Ce jour-là, Le Dimanche/L’Hebdo s’est immergé dans une salle de classe où des enfants issus de milieux défavorisés se battent pour maîtriser les lettres et les mots. Dans cet espace, chaque phrase formée est un pas vers un avenir meilleur. Ici, l’éducation devient un puissant outil contre l’injustice sociale. Et ces jeunes élèves, malgré les défis, témoignent de l’espoir que la connaissance peut leur offrir.

Durant notre participation à cette classe d’alphabétisation, notre « best friend », que nous appellerons Alexandre, nous a confié qu’ayant vécu une enfance difficile, il peine à se concentrer sur son apprentissage scolaire. Lorsqu’il sera plus grand, il veut devenir chanteur et compositeur de musique. Nous l’encourageons à donner le meilleur de lui-même pour surmonter les épreuves qu’il a vécues, et lui souhaitons bonne chance. 

Quant au reste de notre bande de nouveaux amis, leurs ambitions varient : certains veulent devenir artiste, cuisinier, pâtissier, coiffeur, entrepreneur… Pour atteindre leurs objectifs, nous leur conseillons de fournir des efforts, de se concentrer, de s’appliquer, de profiter pleinement de ces moments d’alphabétisation, mais surtout d’arrêter de faire « fet dan klas me aprann ek focus ». Ils nous promettent qu’ils vont « behave ». Pour que nous nous rappelions d’eux, ils improvisent « enn ti sega » en battant la ravanne en notre honneur, avant de nous dire au revoir.

À l’occasion de cette Journée internationale de l’alphabétisation 2024, nous avons été témoins de la transformation possible grâce à un accompagnement scolaire adéquat et à la volonté de surmonter les défis.
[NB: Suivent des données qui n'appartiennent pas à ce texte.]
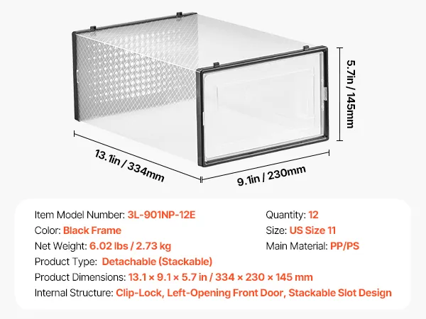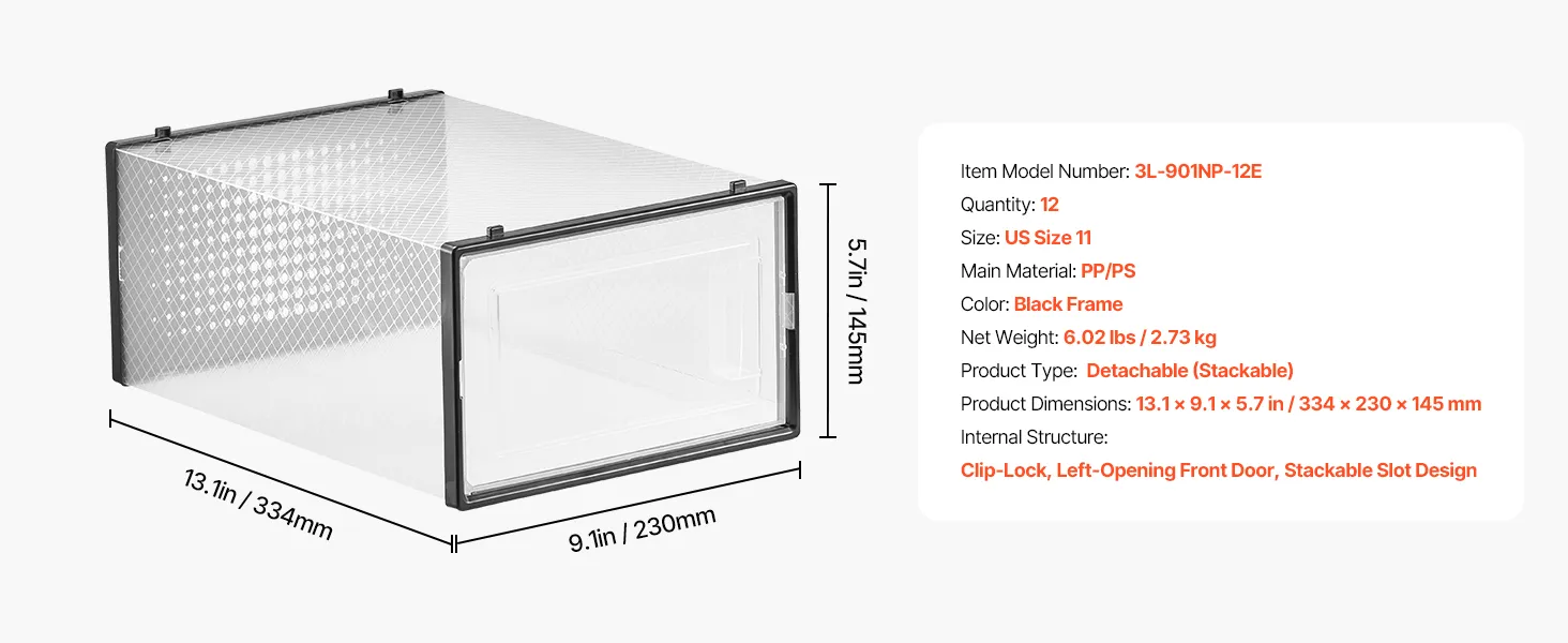 Quick, Tool-Free Assembly: No complicated setup – just 3 easy steps to assemble. The plastic shoe organizer fits up to US Size 11 shoes. The transparent body and front door make it simple to spot your shoes, keeping your space neat and organized
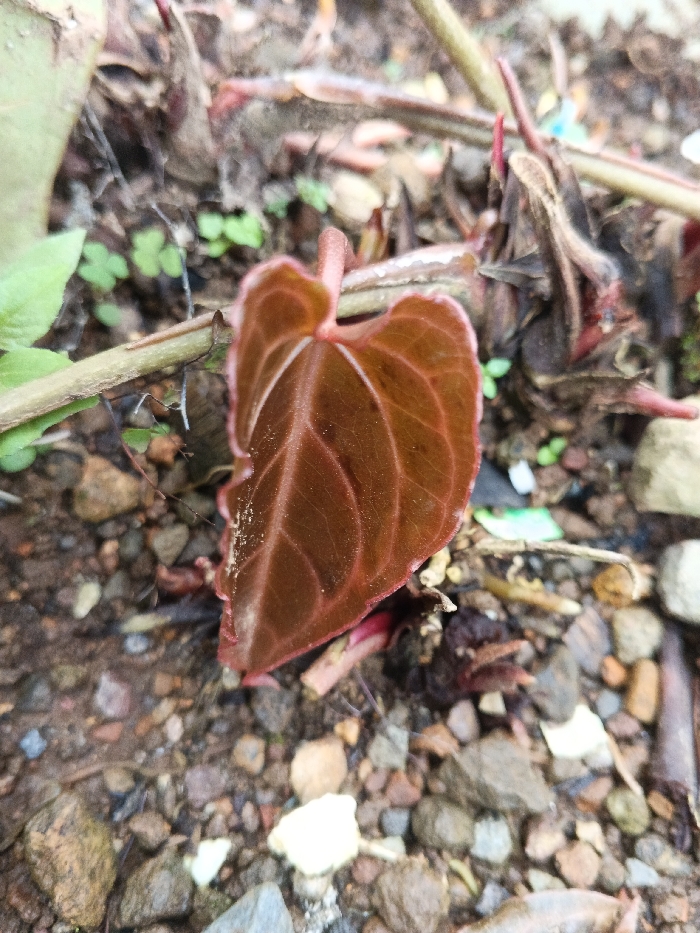 A close-up captures a reddish-brown, heart-shaped leaf with pronounced veins. The leaf is surrounded by small rocks and pebbles of varying colors, mostly shades of brown and gray. Other plant matter is visible, including a green stem, tiny green leaves, and dry, brown foliage. Some cobwebs are also present. The leaf appears to be on the ground.

Ces jeunes sont la preuve vivante que chaque effort compte dans la quête d’une vie meilleure et que chaque mot appris est une victoire contre l’ignorance. L’alphabétisation est un droit fondamental, non seulement un combat individuel, mais une responsabilité collective.

Charonne Bell, travailleuse sociale : «Je leur apprends des mots pour les aider à mieux se débrouiller au quotidien»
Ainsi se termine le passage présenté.